First, write the effect on the right-hand side of the diagram (step 1 in Robson’s approach). After that, the areas to be analyzed are identified. As you saw earlier, the information you gather may cover a large number of individual areas (as represented, for example, by the bones on an Ishikawa diagram). A good approach is to consider each of these areas in turn. This will keep the work group focused on a particular area and enable particular subject matter experts (SMEs) to participate more easily (there’s nothing worse than having SMEs waiting around for their turn to participate).

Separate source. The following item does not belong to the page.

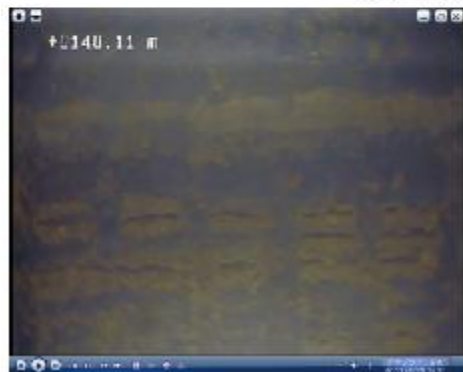
水アカ・スケールが付着

Once the areas to be analyzed have been identified, they are drawn onto the diagram as ribs and labeled (Robson’s step 2). If particular areas of the overall diagram are to be considered, they are clearly marked on the diagram. The result is a diagram like the one shown in figure 4–7, which shows the “in-flight emergency” example with the “software” area to be considered shaded.

Figure 4–7 Setting up the Ishikawa diagram

Task 2: Identify Individual “Mostly Likely” Causes

With the area to be analyzed in focus, the most likely root causes are identified. These might be the ones that are “shouting” at you from the diagram or that your instinct and experience tells you are a good bet. You need to make a definite statement on these causes; they need to be either ruled out or confirmed as requiring further analysis.

A typical start to this activity is a short brainstorming session (Robson’s step 3). The leader of the work group first reminds the participants of the general rules to be applied:

No criticism is allowed; all ideas are accepted in the brainstorming stage.

Random, crazy ideas are welcome, as are ideas that extend other people’s ideas.

The objective is to gather a large number of ideas where possible.

All ideas will be recorded, including random, crazy, and repeating ideas.

We will not evaluate during the session; we will take a break before doing that.

Checklists are useful to support the brainstorming or the discussions that follow. The checklist shown in table 4–2 lists some common root causes for software failures in flight control software. (Note that this is only a brief example; in reality the list would be much longer!)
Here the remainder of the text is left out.